(Exercise) The answer should hold only the lines from the one containing "Erkek Cepli Kolyeli" through the one containing "New .. PEARL" in the entries below, copied exactly, without pictures.

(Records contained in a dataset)
[Start of section]
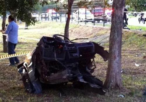 O condutor de um Escort perdeu o controle do veículo e bateu em uma árvore. O carro dividiu-se ao meio com o impacto. Parte ficou sobre a calçada e o restante do veículo foi parar no gramado em frente ao CentroSul.
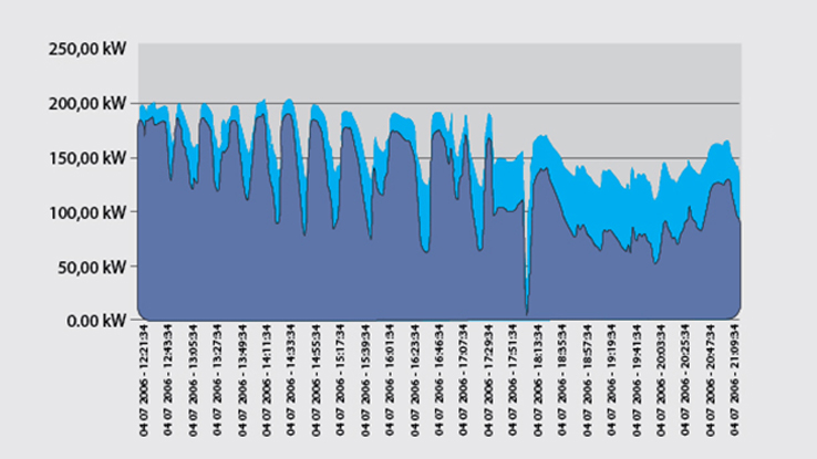 In order to map the load profile, Danfoss chose the current as a reference because it has a direct relationship with the compressor’s load percentage. Normally, an a.c. motor on no-load uses one third of its rated current, and in the case of a screw type compressor, when on no-load, the current usually reaches a value close to 40% of the motor’s rated current.
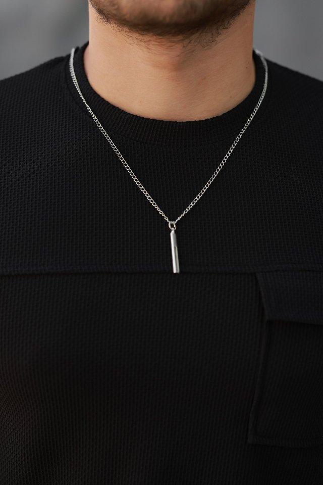 Erkek Cepli Kolyeli Kısa Kollu örme Kumaş T-shirt
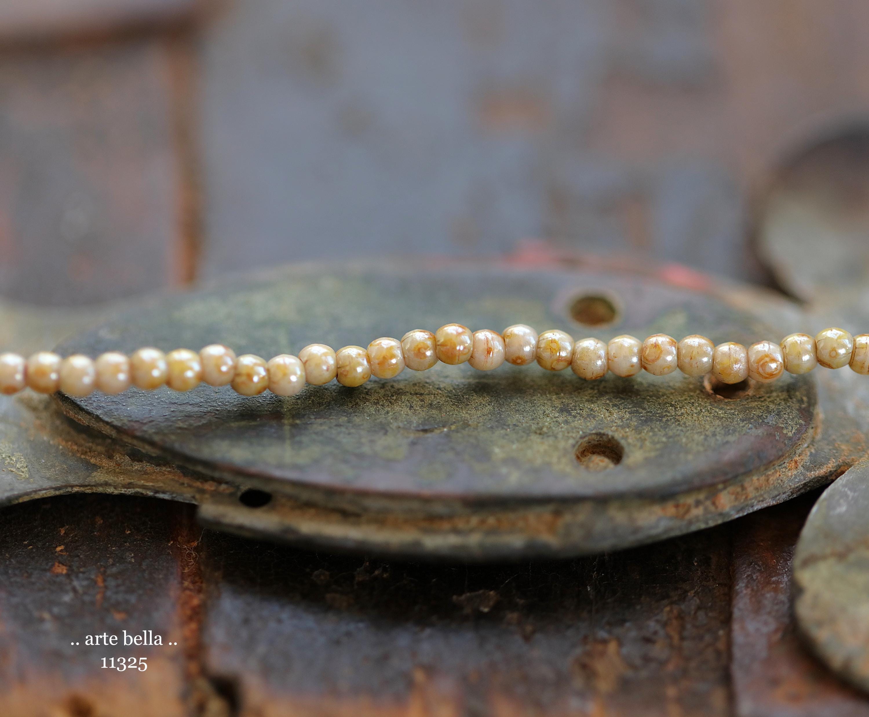 New .. PEARL LUSTER BITS .. 100 Tiny Premium Luster Picasso Czech Glass Round Druk Beads 2mm (11325-st) .. jewelry supplies
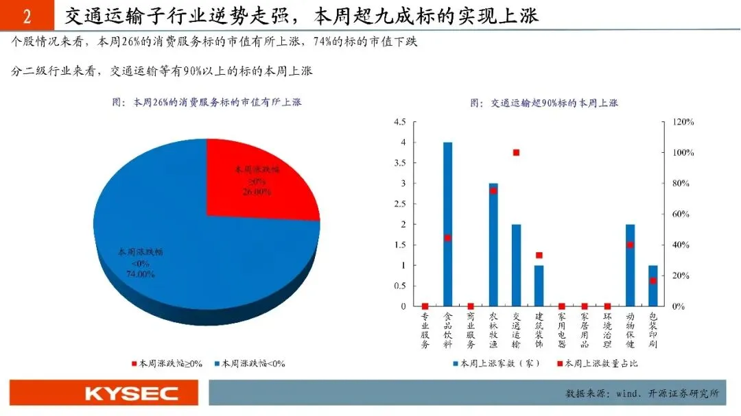 本周末北证50报收1531.55点,周涨跌幅为-3.59%。本周开源北交所五大行业均有所下跌,其中,消费服务周涨跌幅为-2.02%,涨跌幅居中。本周开源北交所医药生物的二级行业中,食品饮料(+0.18%)、农林牧渔(+6.49%)、交通运输(+2.28%)、建筑装饰(+0.51%)本周上涨;农林牧渔本周下跌。个股来看,本周26.00%的消费服务标的市值有所上涨,74.00%的标的市值下跌。交通运输等有90%以上的标的本周上涨。周涨跌幅居前的个股分别为:秋乐种业(+22.55%)、康农种业(+13.50%)、铜冠矿建(+11.98%)、欧福蛋业(+7.05%)、永顺生物(+6.47%)、宏裕包材(+4.30%)、中草香料(+3.48%)、国航远洋(+3.04%)、田野股份(+2.94%)、润农节水(+1.79%)
[End of section]
(Written response)
 Erkek Cepli Kolyeli Kısa Kollu örme Kumaş T-shirt
 New .. PEARL LUSTER BITS .. 100 Tiny Premium Luster Picasso Czech Glass Round Druk Beads 2mm (11325-st) .. jewelry supplies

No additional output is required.